Work request: Retype the records below word for word and omit any image.

Given data:
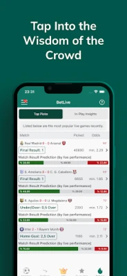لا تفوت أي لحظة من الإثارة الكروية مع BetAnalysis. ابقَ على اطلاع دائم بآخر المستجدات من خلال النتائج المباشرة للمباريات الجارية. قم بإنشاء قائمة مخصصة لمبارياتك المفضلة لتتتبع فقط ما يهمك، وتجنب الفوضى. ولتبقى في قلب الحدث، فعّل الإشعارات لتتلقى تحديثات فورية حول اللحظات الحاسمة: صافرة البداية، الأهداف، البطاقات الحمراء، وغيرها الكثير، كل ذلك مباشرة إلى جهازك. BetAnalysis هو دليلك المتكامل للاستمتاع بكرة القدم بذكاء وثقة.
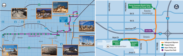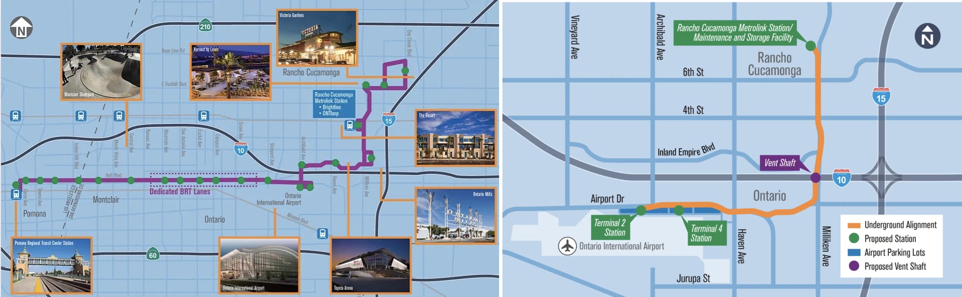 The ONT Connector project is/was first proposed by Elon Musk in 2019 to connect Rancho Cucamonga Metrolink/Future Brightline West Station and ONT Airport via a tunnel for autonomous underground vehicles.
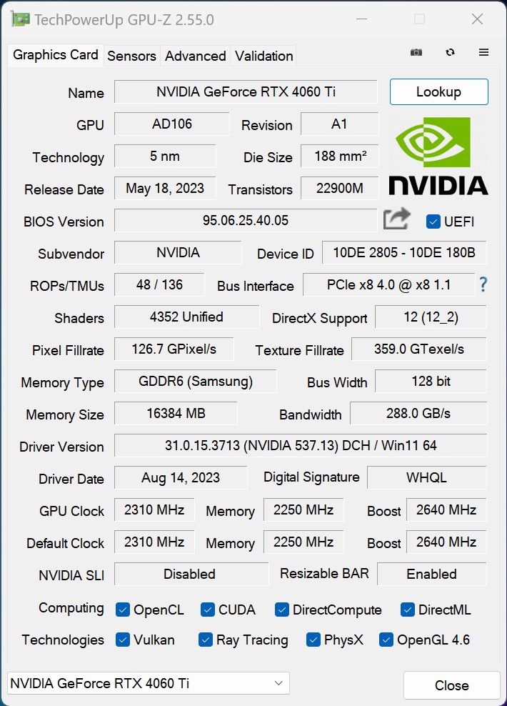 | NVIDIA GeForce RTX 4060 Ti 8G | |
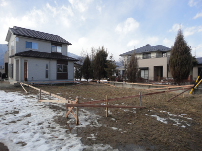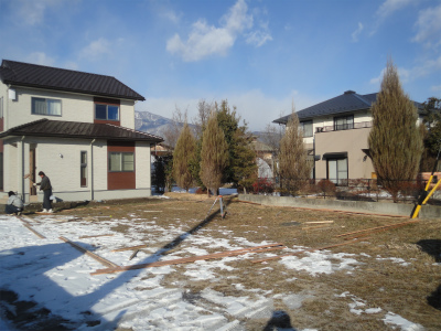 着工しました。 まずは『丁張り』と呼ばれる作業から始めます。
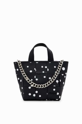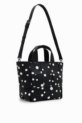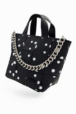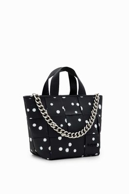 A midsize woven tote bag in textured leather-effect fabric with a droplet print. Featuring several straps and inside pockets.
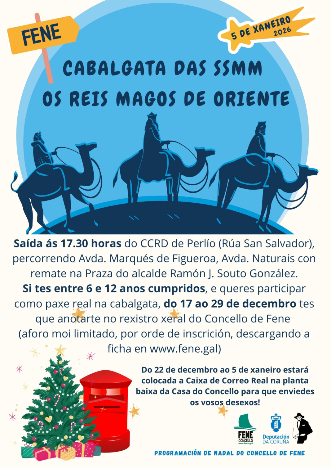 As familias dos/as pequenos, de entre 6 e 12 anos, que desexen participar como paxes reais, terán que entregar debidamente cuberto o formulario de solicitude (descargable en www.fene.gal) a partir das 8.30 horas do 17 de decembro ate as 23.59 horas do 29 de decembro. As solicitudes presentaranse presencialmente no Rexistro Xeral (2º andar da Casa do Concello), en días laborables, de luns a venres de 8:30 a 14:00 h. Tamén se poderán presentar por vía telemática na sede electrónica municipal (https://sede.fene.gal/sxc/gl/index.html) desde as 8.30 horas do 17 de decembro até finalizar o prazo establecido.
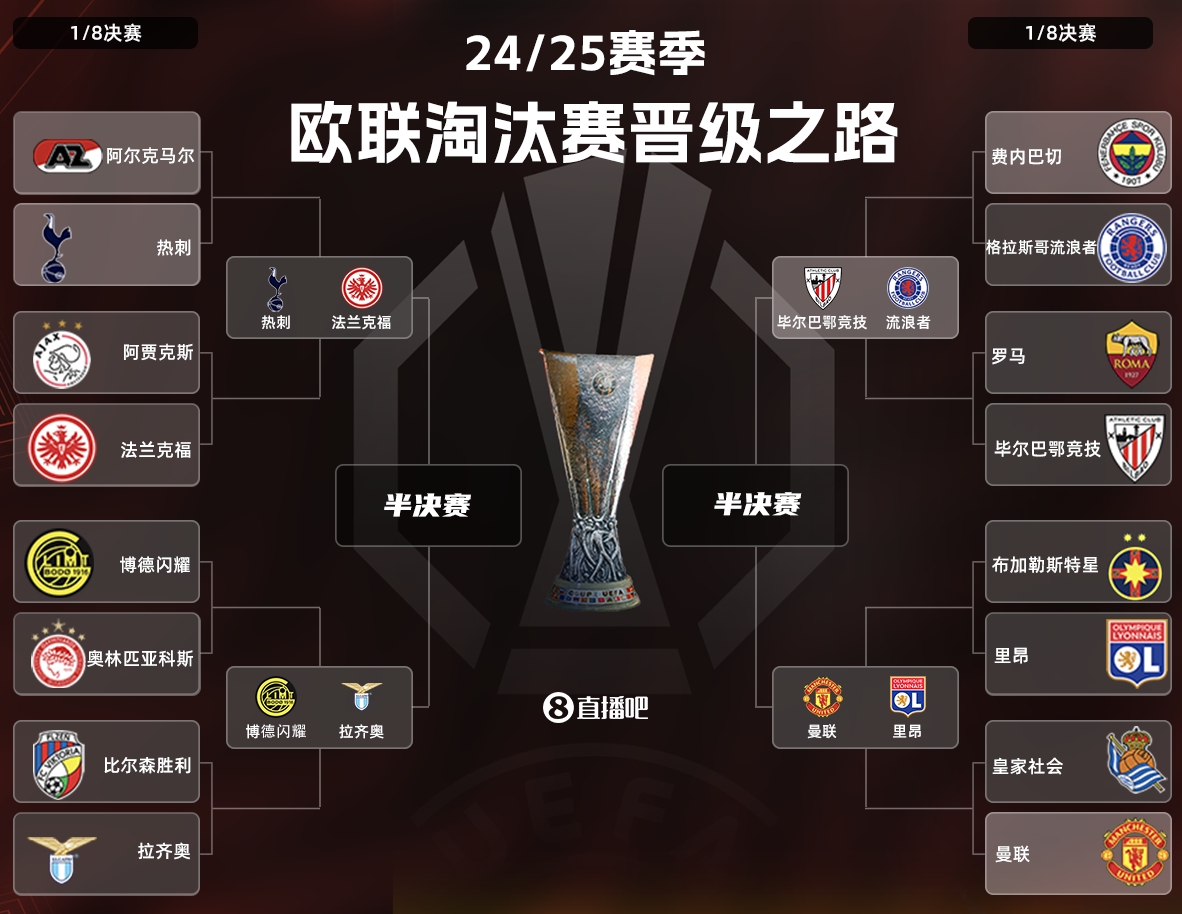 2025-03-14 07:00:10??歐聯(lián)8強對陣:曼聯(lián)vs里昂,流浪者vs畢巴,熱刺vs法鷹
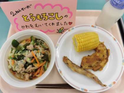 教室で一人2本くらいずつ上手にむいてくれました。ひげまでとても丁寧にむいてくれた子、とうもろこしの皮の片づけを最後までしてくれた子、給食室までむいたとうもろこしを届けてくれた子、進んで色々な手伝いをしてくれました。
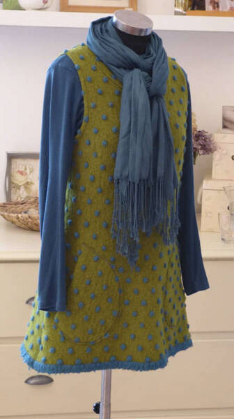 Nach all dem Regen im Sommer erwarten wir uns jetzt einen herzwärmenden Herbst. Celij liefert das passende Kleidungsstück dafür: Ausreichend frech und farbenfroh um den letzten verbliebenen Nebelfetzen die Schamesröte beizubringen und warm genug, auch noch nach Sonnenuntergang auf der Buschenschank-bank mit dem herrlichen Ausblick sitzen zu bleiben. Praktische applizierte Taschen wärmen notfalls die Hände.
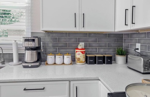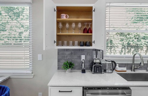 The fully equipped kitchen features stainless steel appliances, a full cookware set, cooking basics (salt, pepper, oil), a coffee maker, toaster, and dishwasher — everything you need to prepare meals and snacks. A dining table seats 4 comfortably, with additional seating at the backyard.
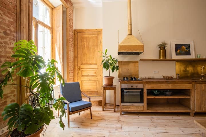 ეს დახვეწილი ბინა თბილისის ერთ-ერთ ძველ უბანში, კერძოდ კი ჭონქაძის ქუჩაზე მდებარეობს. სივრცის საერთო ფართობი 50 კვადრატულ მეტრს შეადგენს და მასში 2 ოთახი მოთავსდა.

Response to the exercise:
لا تفوت أي لحظة من الإثارة الكروية مع BetAnalysis. ابقَ على اطلاع دائم بآخر المستجدات من خلال النتائج المباشرة للمباريات الجارية. قم بإنشاء قائمة مخصصة لمبارياتك المفضلة لتتتبع فقط ما يهمك، وتجنب الفوضى. ولتبقى في قلب الحدث، فعّل الإشعارات لتتلقى تحديثات فورية حول اللحظات الحاسمة: صافرة البداية، الأهداف، البطاقات الحمراء، وغيرها الكثير، كل ذلك مباشرة إلى جهازك. BetAnalysis هو دليلك المتكامل للاستمتاع بكرة القدم بذكاء وثقة.
 The ONT Connector project is/was first proposed by Elon Musk in 2019 to connect Rancho Cucamonga Metrolink/Future Brightline West Station and ONT Airport via a tunnel for autonomous underground vehicles.
 | NVIDIA GeForce RTX 4060 Ti 8G | |
 着工しました。 まずは『丁張り』と呼ばれる作業から始めます。
 A midsize woven tote bag in textured leather-effect fabric with a droplet print. Featuring several straps and inside pockets.
 As familias dos/as pequenos, de entre 6 e 12 anos, que desexen participar como paxes reais, terán que entregar debidamente cuberto o formulario de solicitude (descargable en www.fene.gal) a partir das 8.30 horas do 17 de decembro ate as 23.59 horas do 29 de decembro. As solicitudes presentaranse presencialmente no Rexistro Xeral (2º andar da Casa do Concello), en días laborables, de luns a venres de 8:30 a 14:00 h. Tamén se poderán presentar por vía telemática na sede electrónica municipal (https://sede.fene.gal/sxc/gl/index.html) desde as 8.30 horas do 17 de decembro até finalizar o prazo establecido.
 2025-03-14 07:00:10??歐聯(lián)8強對陣:曼聯(lián)vs里昂,流浪者vs畢巴,熱刺vs法鷹
 教室で一人2本くらいずつ上手にむいてくれました。ひげまでとても丁寧にむいてくれた子、とうもろこしの皮の片づけを最後までしてくれた子、給食室までむいたとうもろこしを届けてくれた子、進んで色々な手伝いをしてくれました。
 Nach all dem Regen im Sommer erwarten wir uns jetzt einen herzwärmenden Herbst. Celij liefert das passende Kleidungsstück dafür: Ausreichend frech und farbenfroh um den letzten verbliebenen Nebelfetzen die Schamesröte beizubringen und warm genug, auch noch nach Sonnenuntergang auf der Buschenschank-bank mit dem herrlichen Ausblick sitzen zu bleiben. Praktische applizierte Taschen wärmen notfalls die Hände.
 The fully equipped kitchen features stainless steel appliances, a full cookware set, cooking basics (salt, pepper, oil), a coffee maker, toaster, and dishwasher — everything you need to prepare meals and snacks. A dining table seats 4 comfortably, with additional seating at the backyard.
 ეს დახვეწილი ბინა თბილისის ერთ-ერთ ძველ უბანში, კერძოდ კი ჭონქაძის ქუჩაზე მდებარეობს. სივრცის საერთო ფართობი 50 კვადრატულ მეტრს შეადგენს და მასში 2 ოთახი მოთავსდა.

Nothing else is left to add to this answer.